Elongation, splicing and polyadenylation are fundamental steps of transcription, and studying their coordination requires simultaneous monitoring of these dynamic processes on one transcript. We recently developed a full-length nascent RNA sequencing method in the model plant Arabidopsis that simultaneously detects RNA polymerase II position, splicing status, polyadenylation site and poly(A) tail length at genome-wide scale. This method allows calculation of the kinetics of cotranscriptional splicing and detects polyadenylated transcripts with unspliced introns retained at specific positions posttranscriptionally. Here we describe a detailed protocol for this method called FLEP-seq (full-length elongating and polyadenylated RNA sequencing) that is applicable to plants. Library production requires as little as one nanogram of nascent RNA (after rRNA/tRNA removal), and either Nanopore or PacBio platforms can be used for sequencing. We also provide a complete bioinformatic pipeline from raw data processing to downstream analysis. The minimum time required for FLEP-seq, including RNA extraction and library preparation, is 36 h. The subsequent long-read sequencing and initial data analysis ranges between 31 and 40 h, depending on the sequencing platform.
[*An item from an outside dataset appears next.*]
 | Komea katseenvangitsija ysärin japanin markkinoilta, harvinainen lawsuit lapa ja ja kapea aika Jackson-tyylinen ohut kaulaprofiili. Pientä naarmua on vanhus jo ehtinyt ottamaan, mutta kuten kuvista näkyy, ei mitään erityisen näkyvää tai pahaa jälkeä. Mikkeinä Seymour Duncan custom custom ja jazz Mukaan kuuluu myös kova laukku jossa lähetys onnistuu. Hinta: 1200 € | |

延伸、剪接和多聚腺苷酸化是转录的基本步骤，研究它们的协调需要同时监测一个转录本上的这些动态过程。我们最近在模式植物拟南芥中开发了一种全长新生 RNA 测序方法在全基因组范围内同时检测 RNA 聚合酶 II 的位置、剪接状态、多聚腺苷酸化位点和多聚 (A) 尾长。该方法允许计算共转录剪接的动力学，并检测转录后保留在特定位置的未剪接内含子的多腺苷酸化转录本。在这里，我们描述了这种方法的详细协议，称为 FLEP-seq（全长延伸和多腺苷酸化 RNA 测序），适用于植物。文库生产只需 1 纳克新生 RNA（去除 rRNA/tRNA 后），Nanopore 或 PacBio 平台均可用于测序。我们还提供从原始数据处理到下游分析的完整生物信息学管道。FLEP-seq 所需的最短时间（包括 RNA 提取和文库制备）为 36 小时。